Chapter 13: Creditors can object to the plan for repayment and the court may take this into consideration. If no objections are filed by creditors or the trustee, the plan may be confirmed as filed.

26. What happens at a creditors meeting?
The debtor must attend the creditors meeting conducted by the trustee appointed to their case. The debtor must answer questions concerning:

  • How the situation evolved
  • Any actions taken with the property
  • Debts listed in the petition or any other financial information requested by the trustee
    Failure to respond truthfully can result in the petition being dismissed or, in extreme cases, a charge of perjury. Creditors may attend and question the debtor about the assets or any other matter relevant to the bankruptcy. A creditor doesn’t waive any rights by not attending the creditors meeting.

27. What if I’ve forgotten to include a debt on my schedule? Can I add it later?
After filing the petition, if you discover that an entry is inaccurate or missing, you may typically file an amendment to correct it. You’re submitting the petition under the penalty of perjury, so take care with the initial filing. Also, any debt that isn’t on the list can’t be discharged and you’ll be responsible for it.

28. When do I have to stop using my credit cards if I’m planning on filing for bankruptcy?
As soon as you anticipate filing bankruptcy, stop using your credit cards. Bankruptcy law allows the review of questionable purchases for potential fraud. If purchases or cash advances are made close to your filing date, the debt may possibly be excluded from the bankruptcy and, in some cases, your petition can be dismissed.

29. What’s a reaffirmation agreement?
When you “reaffirm” to pay off a debt, you’re legally obligated to pay all or a portion of an otherwise cancellable debt. This is voluntary and not required by bankruptcy codes. You may voluntarily repay any debt instead of signing a reaffirmation agreement, but there may be valid legal reasons for wanting to reaffirm a specific debt, such as a vehicle loan.

30. Can a bankruptcy be reopened?
Yes. Typically, a bankruptcy case is reopened by the trustee when questions arise concerning what was included or possibly omitted, or any other irregularities that surface.

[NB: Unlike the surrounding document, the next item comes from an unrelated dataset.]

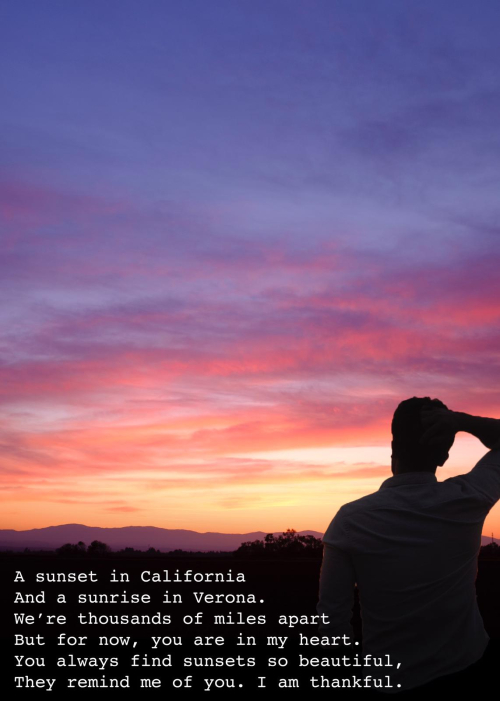 No matter where we are in the world the sun will rise and set for us. The same sun shining on you is shining on your loved ones. 🙂
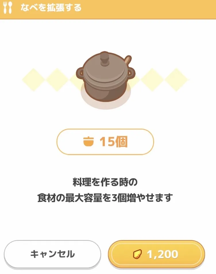 料理の中には食材が16個以上必要なレシピもあるため、鍋の拡張を行って容量を増やしましょう!

31. How’s an inheritance treated in a bankruptcy case?
How an inheritance is treated in bankruptcy depends on when you become entitled to receive it and what type of bankruptcy relief you’re seeking. If you’ve filed for Chapter 7 bankruptcy, and you become entitled to an inheritance within 180 days of your filing date, the inheritance will be a part of your bankruptcy estate, and can be used to pay your debts. The important date is when your right to the inheritance is fixed, typically on the date of a person’s death. You might not receive property or money from someone’s estate for many months.

If you’ve filed a Chapter 13 case, your inheritance can be used in determining how much you have available to pay creditors under your repayment plan, and the 180-day limit doesn’t apply. In either type of bankruptcy, you must inform the bankruptcy trustee about the inheritance. If you’re thinking about filing for bankruptcy, ask a bankruptcy lawyer how an expected inheritance might factor into your plans.